AEGIS – is an archaeological research group based at the UCLouvain. It is part of the Centre for the Study of Ancient Worlds (CEMA), within the Institute of Civilizations, Arts and Letters (INCAL). It brings together around twenty scholars, including currently two postdoctoral fellows and seven doctoral students.
For more than two decades, AEGIS has brought together researchers from Belgium, Greece, France, Germany, Italy, Spain, Australia, and the United States who are dedicated to the study of Minoan Crete and Aegean Protohistory. Our research explores the complexity of Bronze Age societies across the eastern Mediterranean (c. 3100–1100 BCE).

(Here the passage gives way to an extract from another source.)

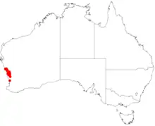 This species of blue tinsel lily is relatively common between Gillingarra (near New Norcia) and Eneabba and common in Watheroo and Alexander Morrison national parks. It usually grows in shallow white or grey sand over laterite on kwongan slopes.[1]

Through a range of research projects, AEGIS members adopt a multidisciplinary approach to Protohistoric Aegean communities. Field archaeology is combined with spatial and architectural analysis, geoarchaeological and paleoenvironmental studies, ceramic and materials analysis, and computational modelling.
This integrated perspective allows AEGIS to develop a diachronic understanding of material production, social organisation, and the economic and political dynamics of Minoan Crete and the Bronze Age Aegean. Particular emphasis is placed on complex networks of interaction, in which material production played a central role. By examining both practices and their representations, we seek to understand the societal processes and structures that shaped these communities.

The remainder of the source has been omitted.